Output only the lines from the line holding "LONSLAN Irregular Diagonal" through the close of the records, exactly as they appear, with all pictures omitted.
________________
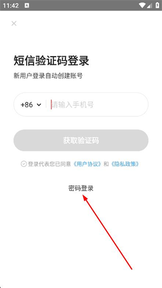 3、在登錄頁(yè)面,找到并點(diǎn)擊下方的密碼登錄選項(xiàng)。
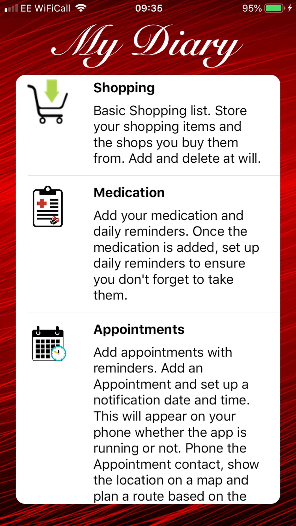 - Appointments: Add a list of upcoming medical appointments you may have. Set a reminder, show the location on a map and plan a route to it, list the directions and also phone the appointment from within the app.
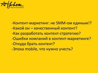 Документ посвящен стратегиям и тактикам контент-маркетинга и использования социальных сетей. Основные темы включают создание эффективного контента, разработку контент-стратегии, анализ целевой аудитории и способы увеличения вовлеченности пользователей. Также рассматриваются частые ошибки в контент-маркетинге и способы их преодоления.
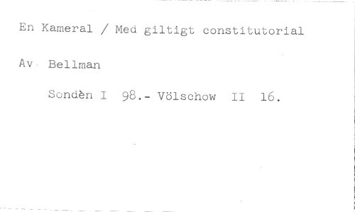 En Kameral / Med giltigt constitutorial Av Bellman //// Sondbn 1 98.- Völschow II 16.
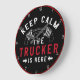 This bold wall clock humorously celebrates the arrival of the trucker. Against a black background with a striking red rim, it features a skeletal pair of hands gripping a steering wheel. The text "KEEP CALM THE TRUCKER IS HERE" is displayed in a mix of white and red lettering, accompanied by arrows, creating a fun and distinctive piece for any truck driver's home, garage, or workspace
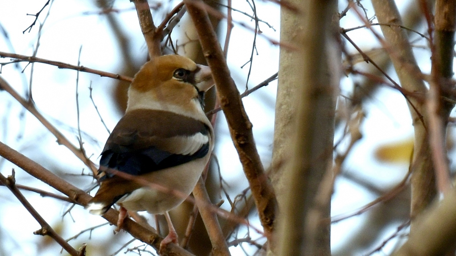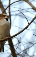 それでも何とか撮れた今朝のカワセミ♀とシメ♂でしたが、相変わらず早朝での暗さから毎朝の解像していない写真を。~(笑)
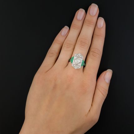 A real finger-hugger, this gorgeous Art Deco delight is centered by a dazzling white .45 carat French-cut diamond which appears to float within a diamond-studded array of geometric shapes, forming an elegant, elongated hexagon. Stepped rows of ultra-vivid and glittering square-cut emeralds accent the sides of this lovely composition and adorn the shoulders of the currently size 9 ring shank. Stunning. Total diamond weight, .95 carat; total emerald weight, .70 carat. Hand fabricated in platinum.
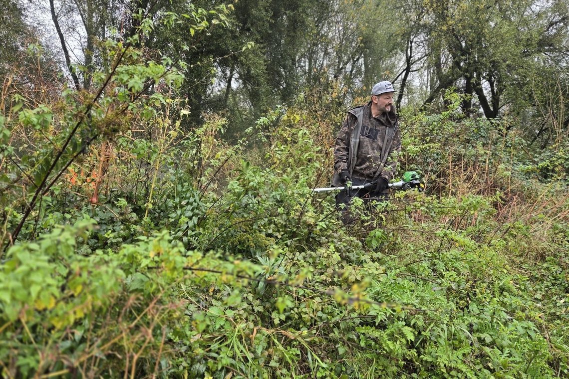 Mit Motorsensen, Kettensägen und viel Tatkraft wurden Sträucher, Gebüsche sowie überhängende Äste entfernt, sodass die Plätze nun wieder gut und sicher zugänglich sind. Zusätzlich wurde entlang der Uferbereiche Müll gesammelt, der leider sowohl von Anglern als auch von anderen Gästen am Rhein achtlos zurückgelassen worden war. Dadurch konnte nicht nur die Nutzbarkeit der Angelplätze verbessert, sondern auch ein wichtiger Beitrag zum Natur- und Umweltschutz geleistet werden. Trotz kühler Temperaturen herrschte eine motivierte Stimmung.
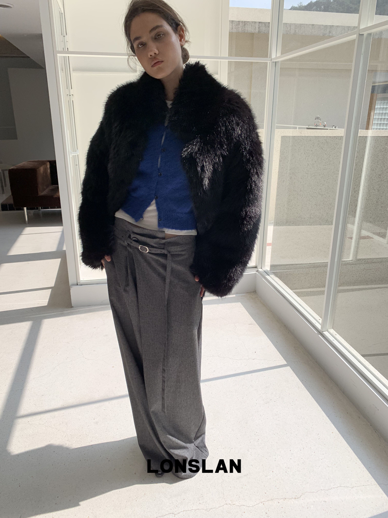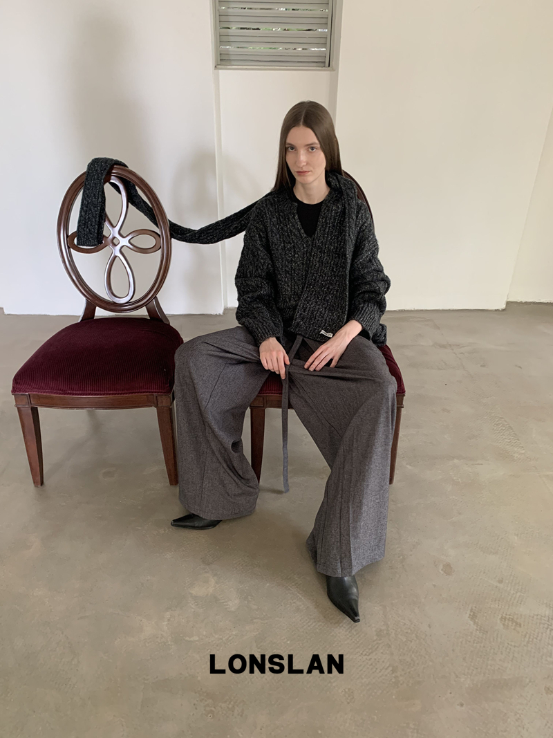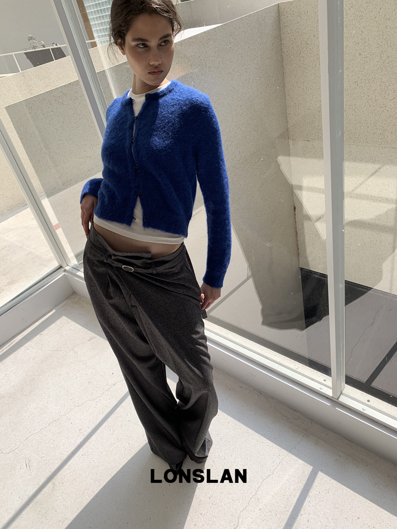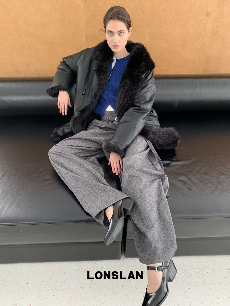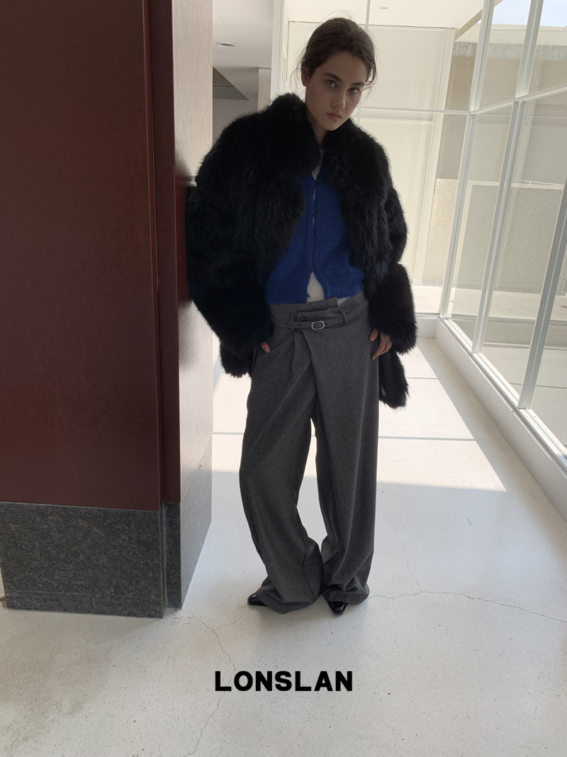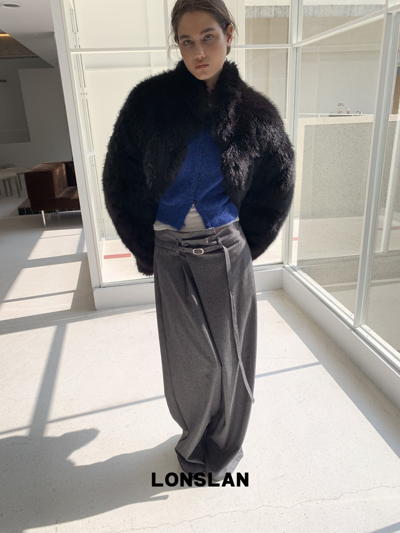 LONSLAN Irregular Diagonal Hem Belt Wool Suit Wide-Leg Trousers
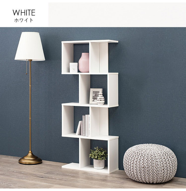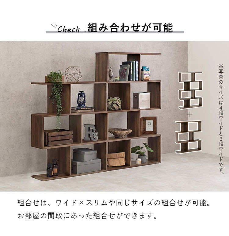 S字 ディスプレイラック 4段 幅62cm オープンラック S字ラック 本棚 シェルフ 収納 棚 間仕切り A4対応 ブラウン
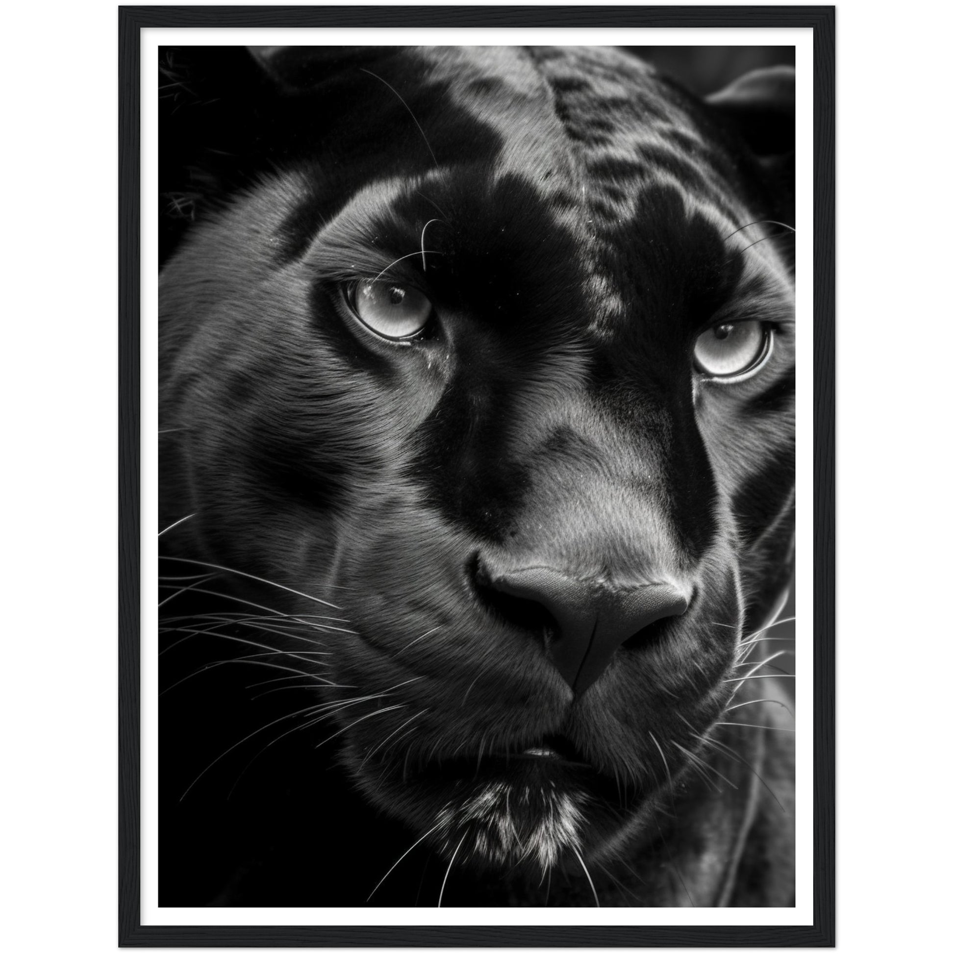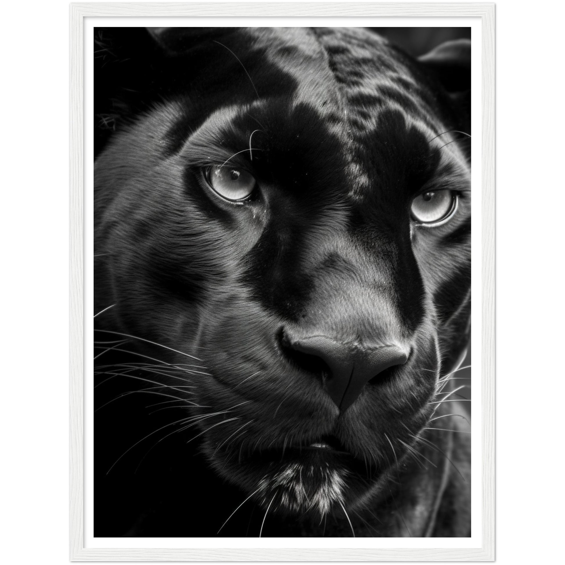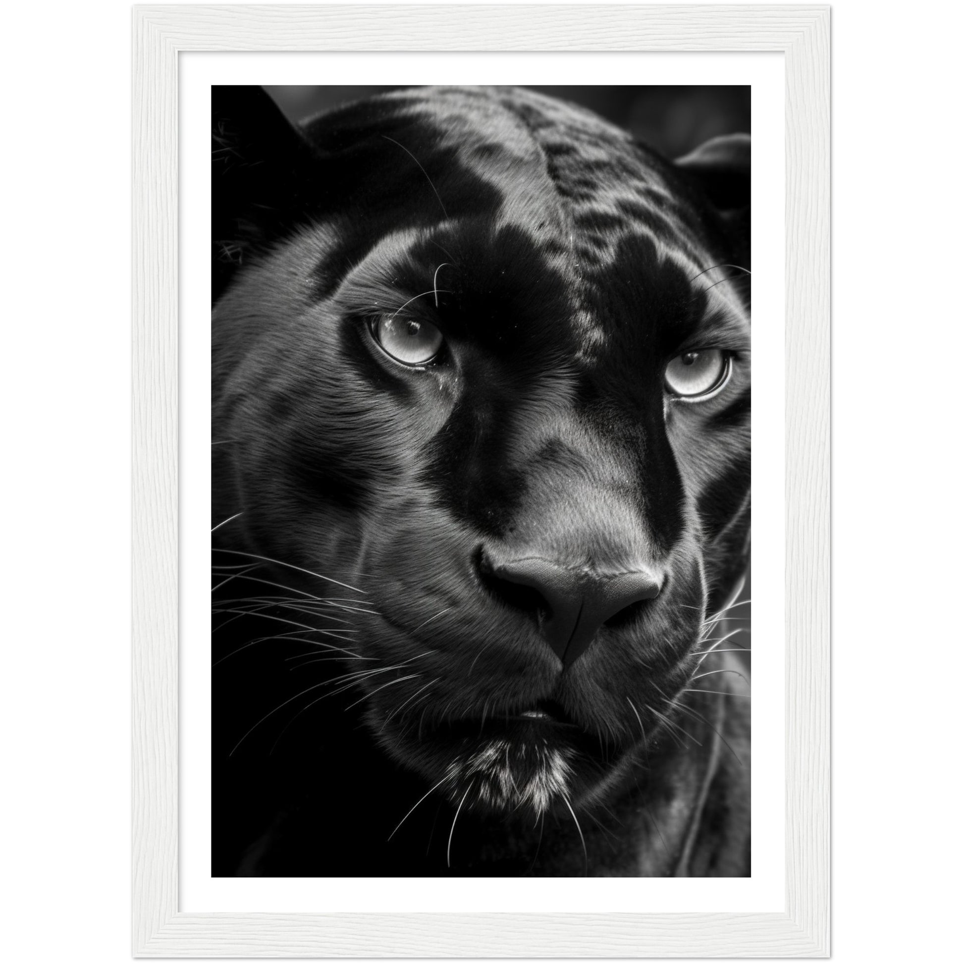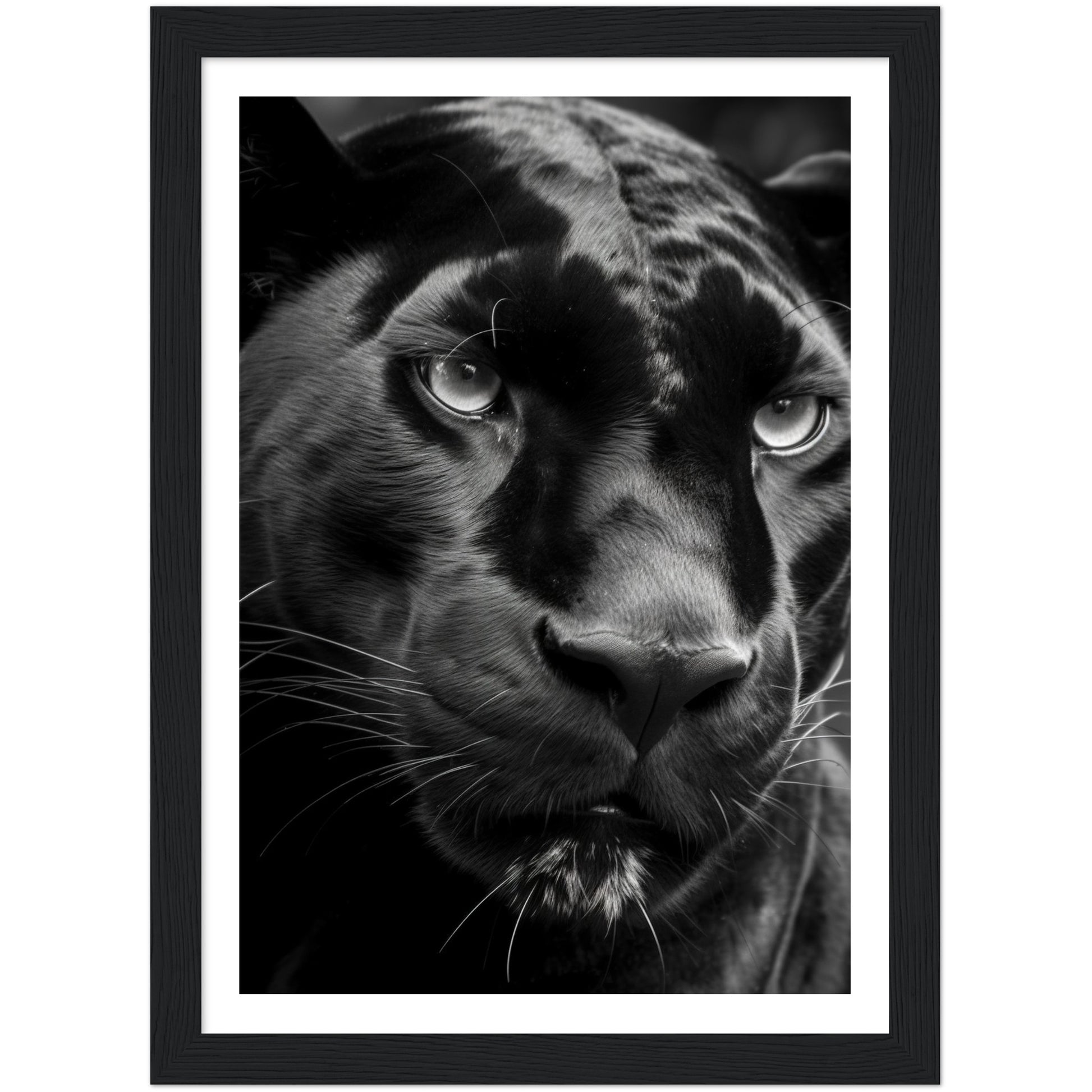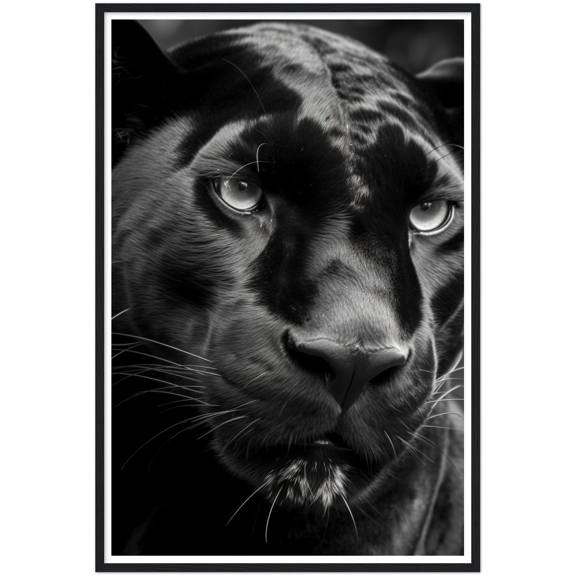 This stunning black and white photograph captures the intense gaze of a panther in a close-up, cropped composition. The intricate details of the panther's fur and piercing eyes are highlighted in this striking piece of art. The monochromatic color scheme adds a timeless and classic feel to the image, making it a perfect addition to any modern or traditional decor. This piece is perfect for animal lovers, nature enthusiasts, or anyone who appreciates the beauty and power of these majestic creatures. Hang it in your living room, bedroom, or office to add a touch of elegance and sophistication to your space.
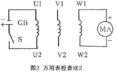 ①萬用表置mA檔,按圖1接線。假設(shè)一端接線為頭(U1、Vl、W1),另一端接線為尾(U2、V2、W2)。
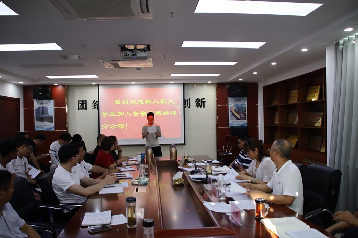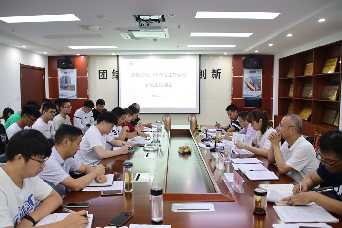 7月8日下午,蚌埠分公司召開了2020年半年度工作會暨新員工歡迎會。分公司領導班子、各部門員工、所屬項目部負責人及新入職大學生參加會議。
________________
EXERCISE ANSWER
 LONSLAN Irregular Diagonal Hem Belt Wool Suit Wide-Leg Trousers
 S字 ディスプレイラック 4段 幅62cm オープンラック S字ラック 本棚 シェルフ 収納 棚 間仕切り A4対応 ブラウン
 This stunning black and white photograph captures the intense gaze of a panther in a close-up, cropped composition. The intricate details of the panther's fur and piercing eyes are highlighted in this striking piece of art. The monochromatic color scheme adds a timeless and classic feel to the image, making it a perfect addition to any modern or traditional decor. This piece is perfect for animal lovers, nature enthusiasts, or anyone who appreciates the beauty and power of these majestic creatures. Hang it in your living room, bedroom, or office to add a touch of elegance and sophistication to your space.
 ①萬用表置mA檔,按圖1接線。假設(shè)一端接線為頭(U1、Vl、W1),另一端接線為尾(U2、V2、W2)。
 7月8日下午,蚌埠分公司召開了2020年半年度工作會暨新員工歡迎會。分公司領導班子、各部門員工、所屬項目部負責人及新入職大學生參加會議。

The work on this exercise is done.